While data is of vital importance and the world has become data-driven, data in the raw form is not quite useful. In order to use data to derive actionable intelligence, it needs to be inspected, cleansed and transformed. This kind of a process is what is called Data Analysis.

There is no single way to accomplish this. There are a variety of ways to carry out data analysis. These diverse ways of data analysis are used in different fields such as business, science and even social sciences. In fact, data analysis is something that contemporary business world thrives on. Data analysis is leveraged in order to glean business intelligence to drive business growth.

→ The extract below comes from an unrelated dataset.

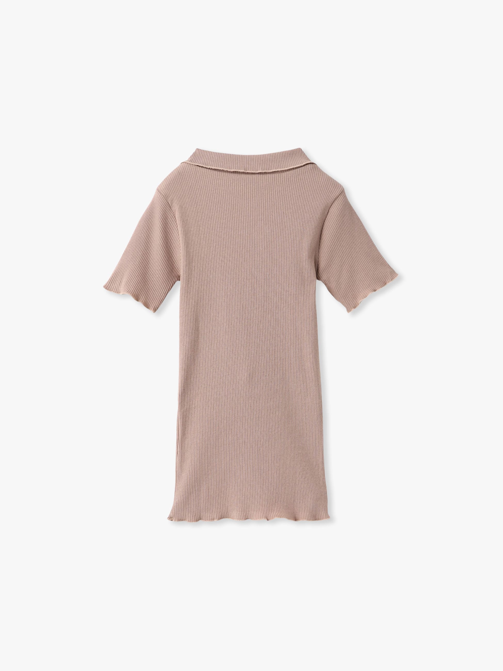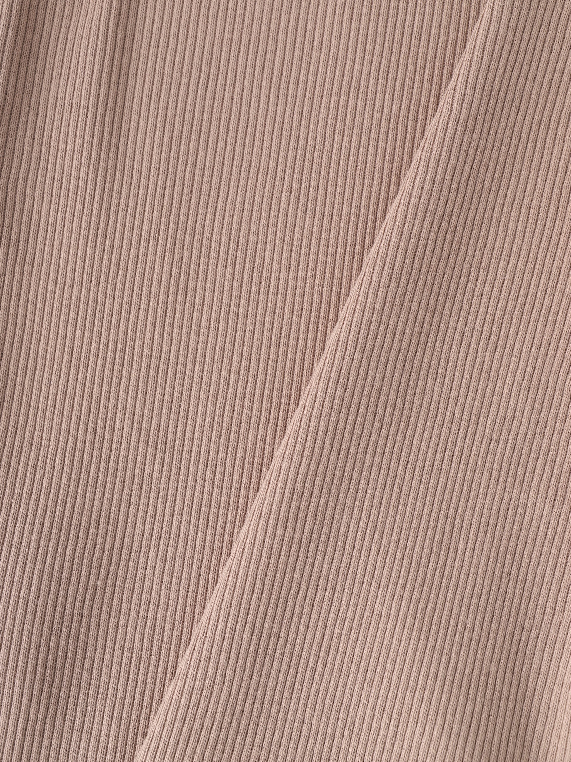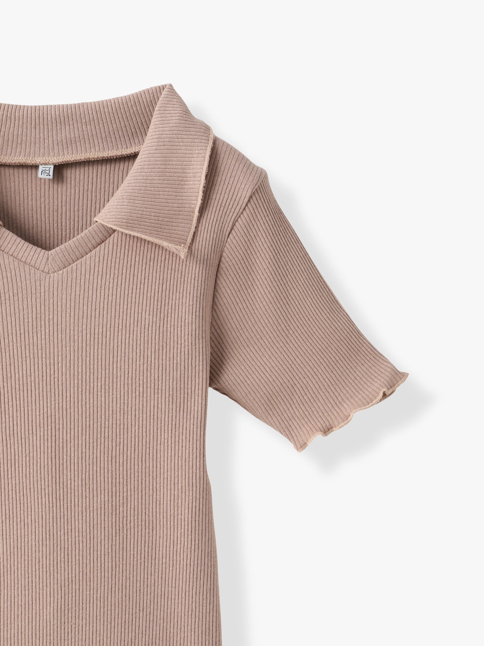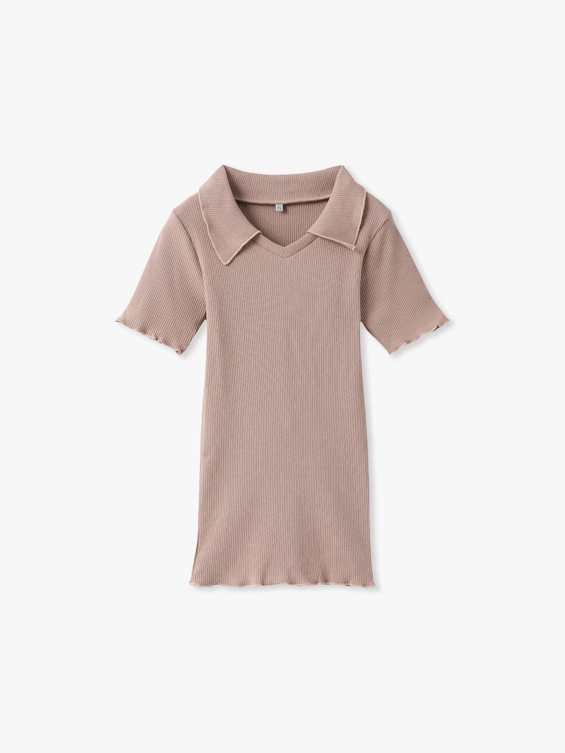 コットン製のVネックリブトップは、ボリュームのあるボトムともバンスが取りやすいコンパクトなフィット感で、袖口や裾のメロー仕様が可憐な印象を醸します。

Data mining is also an exercise of data analysis but it focuses on discovering new knowledge for predictive rather than descriptive purposes. As far as statistical applications are concerned, data analysis can be bifurcated into descriptive statistics, exploratory data analysis (EDA) and confirmatory data analysis (CDA).

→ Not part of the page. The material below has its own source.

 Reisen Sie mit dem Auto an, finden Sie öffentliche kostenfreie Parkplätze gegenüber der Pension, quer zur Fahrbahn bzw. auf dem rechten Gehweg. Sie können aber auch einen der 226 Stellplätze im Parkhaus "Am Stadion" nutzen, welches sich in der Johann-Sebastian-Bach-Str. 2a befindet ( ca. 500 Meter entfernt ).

While EDA is all about identifying new features in the data, CDA endeavours to confirm or prove the existing hypotheses wrong.

Predictive analytics is an exercise of applying statistical models for predictive forecasting or classification. In order to extract and classify information from textual sources, text analytics, on the other hand, makes use of statistical, linguistic and structural techniques.

These are all variations of data analysis. Data integration is something that is needed prior to data analysis. Data analysis is also connected with data visualization and data dissemination. Sometime, people use the terms data analysis and data modeling interchangeably.

Why Excel for data analysis?

You know how navigating through data could be a nightmare in itself.

It’s quite tricky to explore and process data when you are looking at large chunks of data. Analyzing it could very well be a unique challenge. However, Excel can come to your rescue.

Excel contains functions that can process a large amount of data quite effectively and easily. While different tasks of data analysis could be tricky, Excel functions are quite easy and anybody can use them and analyze the data.

It’s not necessary either to remember all the functions. You can simply Google it and find out the function you need for data analysis tasks.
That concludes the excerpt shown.